When they played a gig at the King's Hall in Belfast in June 1987 there were predictions that all hell would break loose if they included their song Sunday Bloody Sunday about Derry's darkest day in their repertoire. Three years earlier in Maysfield Leisure Centre Bono had said he would never sing the song again if the audience didn't like it but the response was positive though the singer continued to introduce it with the words "This is not a rebel song"

However in 1987 the smart money was still on U2 not playing the song amid the tensions that prevailed in Belfast at the time.

I interviewed Bono at Belfast International Airport just hours before the concert and he wasn't giving anything away about the set list. The only surprise in store he said would be whether or not the band could stay in tune.

As it turned out Sunday Bloody Sunday was the seventh song they sang. And there wasn't a murmur of discontent from the 6,000 fans.

Ironically just five months after the Belfast gig the IRA earned Bono's venomous wrath after they killed 11 people in the Poppy Day bombing in Enniskillen.

U2 were performing in Denver, Colorado later that same day and during Sunday Bloody Sunday, Bono condemned the atrocity, shouting 'f*** the revolution' in a speech in the middle of the song. He also denounced armchair Republicans among Irish Americans and said most people in Ireland didn't support the IRA.

"Where's the glory of bombing in bombing a Remembrance Day parade of old age pensioners, their medals taken out and polished up for the day. Where's the glory in that? To leave them dying or crippled for life or dead under the rubble of the revolution that the majority of people in my country don't want." he added "No more"

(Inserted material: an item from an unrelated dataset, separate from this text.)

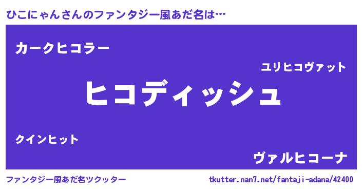 | 女子向けラノベタイトル風あだ名 | 『異世界で失敗しない100のひこにゃん』 |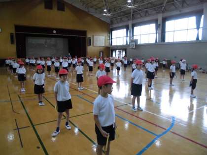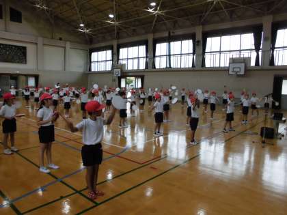 体育フェスティバルへ向けて,ダンスの練習を始めました。2年生が躍るのはエイサーです。小学校に入って初めてのダンス,今日は冒頭の部分を練習しました。上手にそろえられるかなとドキドキしていましたが,みんな一生懸命動きをまねて,とってもきれいにそろっていました!

Bono could scarcely have made his feelings clearer and he backed his words with actions whenU2 played a gig for a specially invited audience of young voters at the Waterfront Hall on the eve of the referendum on the Good Friday agreement in May 1998

It was only a matter of months of course before the Omagh bomb killed 29 people and Bono said on a TV tribute to the victims: "The only grain of hope that you can possibly glean from this terror is that this has to be the end of it."

Bono later wrote a song called Peace on Earth which featured the names of some of the Omagh victims including that of Ann McCombe whose husband Stanley said he was honoured that she'd been mentioned and added that millions of people around the world would understand the message.